But some have created a wall as a buffer.
Some stopped feeling pain and learned to be stoic?
To grin and bear pain in their minds was heroic.
So many through time learned suffering’s silence,
No matter the harm or hurtful the violence.
So with self denial we must deny others.
We turn a blind eye to our sister’s and brother’s.
This cold willful blindness is holding us back
Our world cannot change if we don’t feel our lack.
We have to be real not accept status quo.
Express our unconscious Will till we go
Create a new world where no one is left
No starving sick children or parents bereft.
When fully awake we will not accept
That things cannot change because nothing is kept
Unconsciously hidden and dormant within.
When both thoughts and feelings are One we’ll begin
To change EVERYTHING, with clear conscience create.
For there’s nothing unconscious creating our fate!

Unsplash photo
Has anyone yet resolved their duality
Dealt with their unconscious that makes fate reality?
Do the gurus that focus on mind meditation
Create with their light our conscious sedation?
And make our collective unconscious grow more
Does their focus on light hide the dark they ignore?
Do they really believe that their light overcomes
Our collective unconscious so heavy it numbs?
No gurus aren’t going to ascend in their sky
And leave behind darkness that they now deny
We’re in this together through thick and through thin
Stop making this harder to even begin
Please deal with your unconscious darkness inside
For empaths are drowning in what you’ve denied
Let all of your unconscious feelings be known
Let them intervene with your thoughts till you own
And bring them together till they become ONE
Then polarization will finally be DONE!

There is no TRUE LOVE in a world of polarity
Just attachment and fear of it’s loss in disparity
In polarity opposites forge our attraction
We don’t know we’re longing for chemical reaction
But a chemical bond between people can break
No matter your longing or promise you make
Our bond with our spouse, a loved one or friend
Can one day dissolve and come to an end
So is there a way to find True Love that stays?
That never will end at the end of all days?
Ah yes there’s an answer an unconscious key
Beyond space and time there is gravity
She keeps all in place with true love she holds us
In her embrace her true love enfolds us
Gravity has no opposing attraction
No chemical bonds forced into reaction
Just UNCONDITIONAL LOVE holding fast
That can never be lost and forever will last
When polarity resolves and attachment desolves
All still holds fast around TRUE LOVE revolves

I was born treading water in an ocean of shame
Where did this shame start is my family to blame?
Did it start with a trickle and end in this flood
Do the “sins of the father” end up in our blood?
In centuries past we strove just to live
There was rarely time or attention to give
Just parents consumed putting food on the table
Providing a life that was solid and stable
No time for feelings you had to be strong
You had to be quiet and good to belong
So all Our “bad” feelings would go underground
Into our unconscious is where they are bound
But now we’ve evolved and have time and attention
Now we must deal with what we couldn’t mention
And clean out our feelings of hurt, rage, and dread
That caused this deep ocean of shame we now tread
If we all work together and let this shame flow
We will find that this ocean of shame we’ve let go
Will put out the fires of droughts also made
By what was thought sin and what price must be paid
Droughts of our rage or our drowning in shame
Are a polarized split of our fear, they’re the same
Their “Sin” was just fear that we would not survive
Through our forgiveness of “Sin” we will thrive!!
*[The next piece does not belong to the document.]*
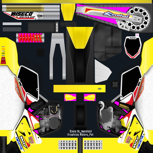 I know that a few people have made replicas of the Suzuki amatuer support team, but I wanted to try it too. My little brother has these graphics on his RM 85 and they are cool looking, so that's why I made this. The graphics were painted by me using Photoshop. I used tw0gh0st's seat from his amatuer Suzuki so thanks to him and I hope he doesn't mind. I used tk_tweaked's base that he recently used to make his 2005 RM250 skin which can be seen here:

From birth I was quiet, reluctant, and shy. It was normal for me to lay low and comply.
So I grew up reserved with most feelings within. Soon with my reservoirs full I’d begin
My life as an empath feeling pains of another. I was so full just to be around others
Triggered reactions as my pain recognized every wound in the room that I empathized.
This cast me in roles of benevolent nurse. This role was a blessing but also a curse.
As a nurse I’d attract someone needing care. I felt I had purpose and felt good being there.
If I fixed their world then mine was fixed too. I continued this cycle until a bomb blew,
And crushed my denial my patient was dying. I was killing myself and still kept on trying
To heal my sick patient by fixing their life. So they never learned to self heal from their strife.
But as codependence was healed we would learn. To purge our own pain that caused us to yearn
For a nurse to fix them to meet unmet need or to fix patient’s pain so my heart does not bleed.
When Nurses reveal their own pain and self heal then patients wake up from sedation and feel.
So they can self heal then as equals be there to consciously choose to consciously care.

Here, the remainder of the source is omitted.